As chief executive of Borussia Dortmund, vice-chairman of the German Football Association, chair of the Bundesliga’s supervisory board and a member of UEFA’s executive committee, the 64-year-old has been intimately involved with the game’s most contentious topics, from the new Champions League format, to a Super League — Dortmund refused to be party to the initial breakaway attempt in April 2021 — and the Bundesliga controversially selling part of its TV rights income to an outside investor. There is this summer’s European Championship on home soil to take care of, too.
He is a couple of minutes late for this interview with The Athletic at the team’s winter break hotel in Marbella, Spain, because a meeting with national-team sporting director Rudi Voller ran a little over.
Despite juggling so many roles and his beloved Dortmund languishing in fifth place in the league, Watzke appears pretty relaxed – yet, two days after we spoke, he announced that he will step down from the Dortmund CEO role in the autumn of 2025.

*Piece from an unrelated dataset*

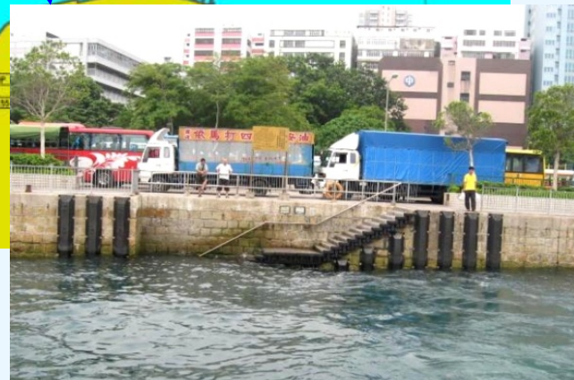
King Wan Street Landing

This is the transcript of our conversation.
Honigstein: How proud were you that Borussia Dortmund won their Champions League group this season, ahead of state-owned clubs Paris Saint-Germain and Newcastle United, and AC Milan, who are run by an American hedge fund?
Watzke: I don’t know about pride, but I was happy. Unfortunately, we can’t seem to be successful in Europe and in the Bundesliga in the same campaign. When we won the two championships under Jurgen Klopp (in 2010-11 and 2011-12), we got knocked out in the group stages of the Europa and Champions League. The next season, we made it to the (Champions League) final at Wembley, but were 25 points behind Bayern in the (domestic) table. This year, we’ve done well in Europe but are not completely on track in the league. That takes away a bit of the joy.
Honigstein: Dortmund finishing first did show, however, that the peculiar German way of doing things — with clubs controlled by their members, not investors — can enable their clubs to compete. You must have been pleased by that.
Watzke: A few years ago, German clubs simply didn’t do well enough in Europe. Fortunately, we’ve become better.
We don’t have the financial muscle of some clubs, but the German model has advantages. You are more flexible in your decision-making and more united, you can think more strategically and long-term. I see from my dealings with investor-led clubs that they are completely different; you get the sense that their management constantly have to double-check with the owners before they can take decisions. They’re slower.
We should not kid ourselves. There’s obviously a clear correlation between financial input and sporting results. But it was nice that we had a chance to knock out PSG (in the Champions League), not the other way around. That was unprecedented. The German way isn’t as old-fashioned as some like to think.
Honigstein: Will the Bundesliga selling eight per cent of their TV rights for about €1billion (£860m, $1.1bn) to an investor for 20 years — a deal that only received the required minimum of 24 votes among the 36 professional clubs and has been opposed by many fan groups — have any impact on the financial gap?
Watzke: The concrete figures, and conditions, are still to be negotiated. But I’m certain that we can make up ground in terms of the international marketing of the league with a deal like that. Can we close the gap between us and a club like Man City or PSG? No chance at all. That’s not the intention, anyway.
Honigstein: So how does it help, exactly?
Watzke: Building streaming offerings and investing in international marketing will help make the Bundesliga more popular and accessible abroad. It helps us to compete financially with the Italians and the Spanish, who have the same problems as us.
And it can help us to distribute the story of the unique German football. There’s one exceptional league: the Premier League. It exists on a whole different planet in terms of revenue streams, and has a very different historical background as well as the advantage of the English language. It’s a fantastic competition — even if that famous atmosphere in the grounds isn’t always what it’s cracked up to be.
We can’t just say we don’t care about what’s going on around us. On the contrary, the special Bundesliga story — its clubs, its strong connection to the fans, its spectacular atmosphere — needs to be told abroad. I found it remarkable to see PSG and Newcastle fans thanking us on huge banners for the socially-minded pricing of our away tickets. People abroad do notice these things. But in the first place, they have to see and to know us.
Honigstein: Dortmund winning the title last season would have helped a lot with the league’s international appeal.
Watzke: Yes. that would have been the icing on the cake. A lot of people all over the world paid attention to that title race, it really ramped up the Bundesliga’s visibility. I experienced it myself. I was at the Europa League and the Champions League finals and many people, from (UEFA president) Aleksander Ceferin to (PSG chairman) Nasser Al-Khelaifi, came up to me and said, “I watched it. It was really exciting.”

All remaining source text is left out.